**RECORDS SUPPLIED:**
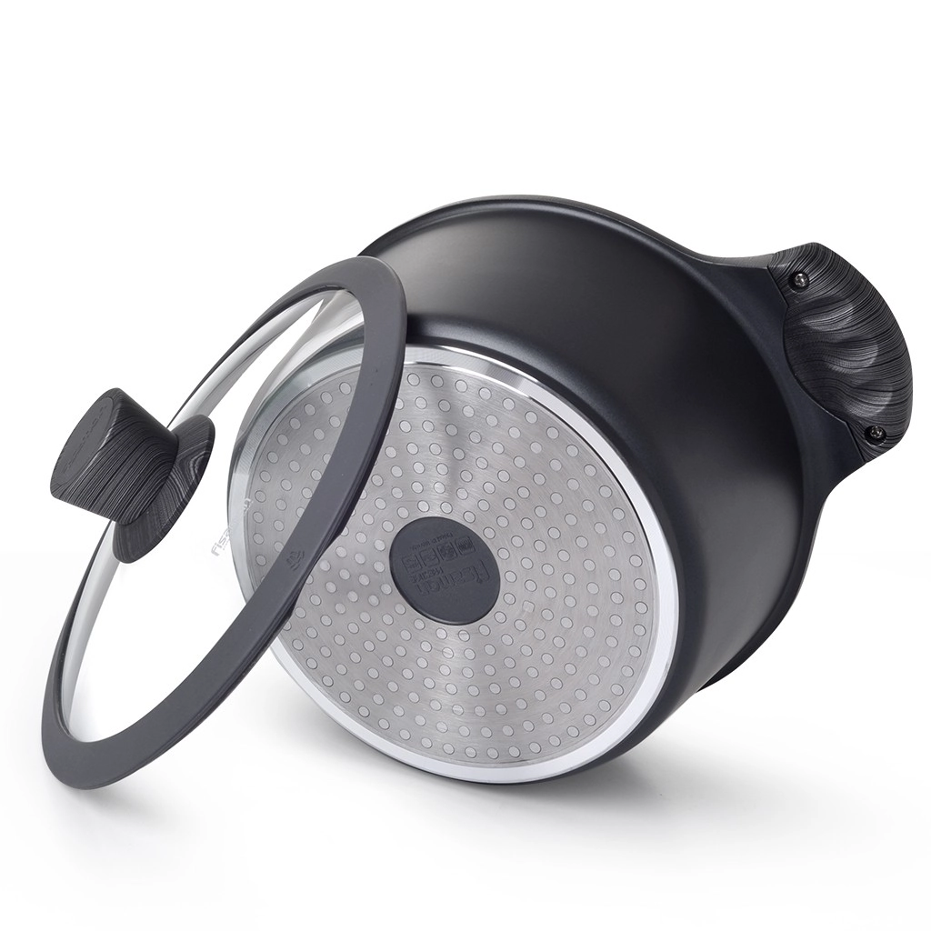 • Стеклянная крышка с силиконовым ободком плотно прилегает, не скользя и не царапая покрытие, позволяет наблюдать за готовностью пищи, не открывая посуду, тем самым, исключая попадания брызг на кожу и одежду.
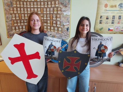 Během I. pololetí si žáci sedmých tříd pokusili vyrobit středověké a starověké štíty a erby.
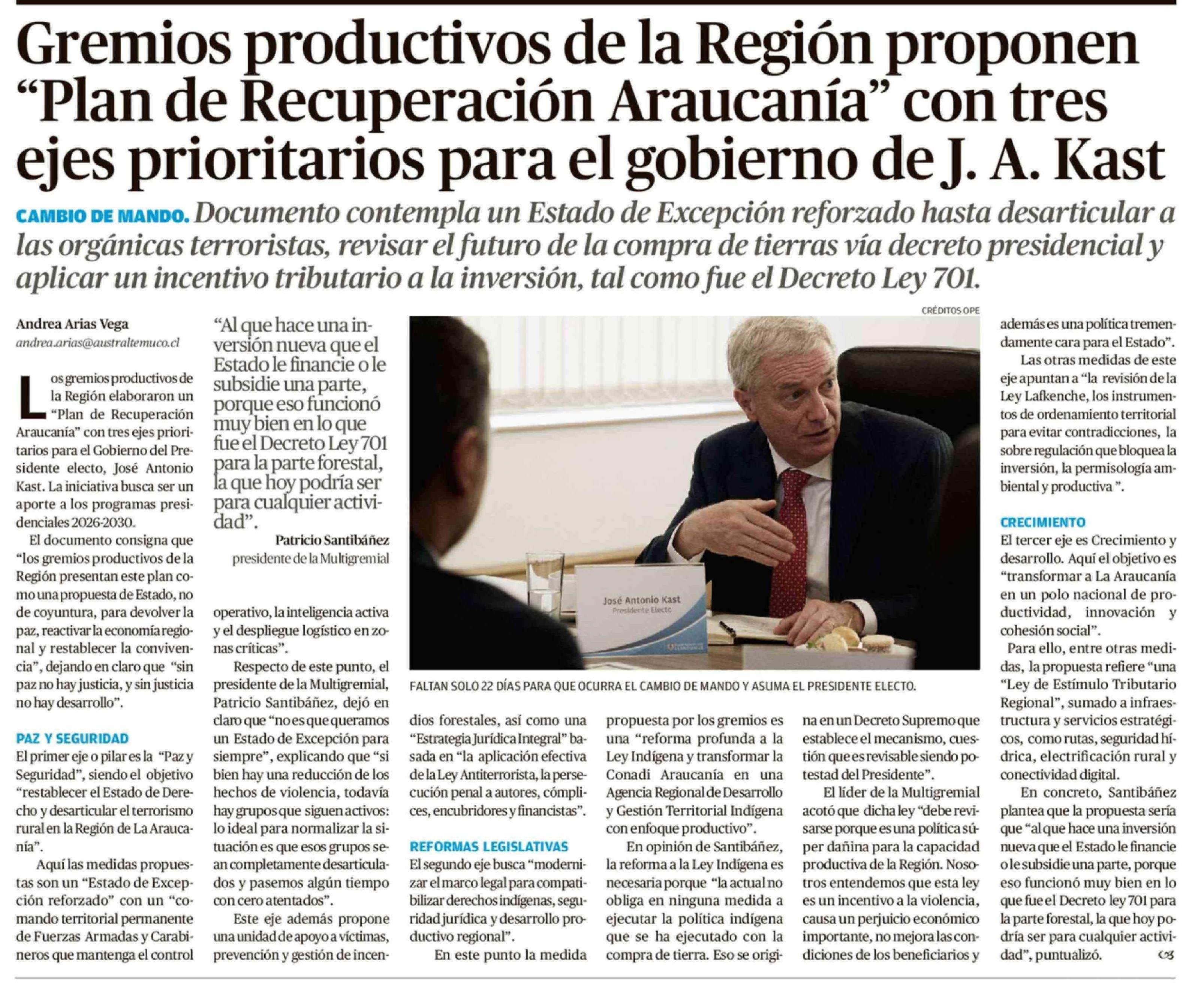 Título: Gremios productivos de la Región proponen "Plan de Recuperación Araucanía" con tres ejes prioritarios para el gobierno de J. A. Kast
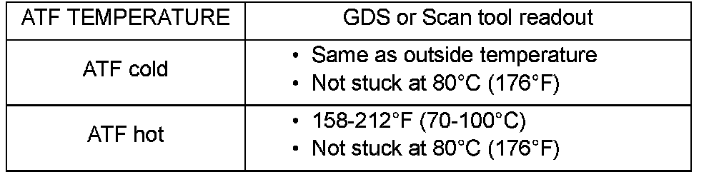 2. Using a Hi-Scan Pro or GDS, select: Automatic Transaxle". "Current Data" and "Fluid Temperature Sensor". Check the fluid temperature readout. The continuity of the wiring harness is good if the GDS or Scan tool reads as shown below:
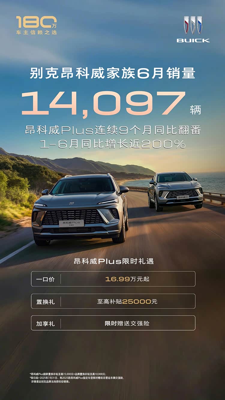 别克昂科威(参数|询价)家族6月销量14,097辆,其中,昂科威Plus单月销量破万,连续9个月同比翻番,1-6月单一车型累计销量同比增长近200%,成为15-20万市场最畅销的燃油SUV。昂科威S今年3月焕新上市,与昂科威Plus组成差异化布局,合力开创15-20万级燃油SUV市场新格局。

**TASK OBJECTIVE:** Output the material above exactly, without pictures.

**EXPECTED ANSWER:**
 • Стеклянная крышка с силиконовым ободком плотно прилегает, не скользя и не царапая покрытие, позволяет наблюдать за готовностью пищи, не открывая посуду, тем самым, исключая попадания брызг на кожу и одежду.
 Během I. pololetí si žáci sedmých tříd pokusili vyrobit středověké a starověké štíty a erby.
 Título: Gremios productivos de la Región proponen "Plan de Recuperación Araucanía" con tres ejes prioritarios para el gobierno de J. A. Kast
 2. Using a Hi-Scan Pro or GDS, select: Automatic Transaxle". "Current Data" and "Fluid Temperature Sensor". Check the fluid temperature readout. The continuity of the wiring harness is good if the GDS or Scan tool reads as shown below:
 别克昂科威(参数|询价)家族6月销量14,097辆,其中,昂科威Plus单月销量破万,连续9个月同比翻番,1-6月单一车型累计销量同比增长近200%,成为15-20万市场最畅销的燃油SUV。昂科威S今年3月焕新上市,与昂科威Plus组成差异化布局,合力开创15-20万级燃油SUV市场新格局。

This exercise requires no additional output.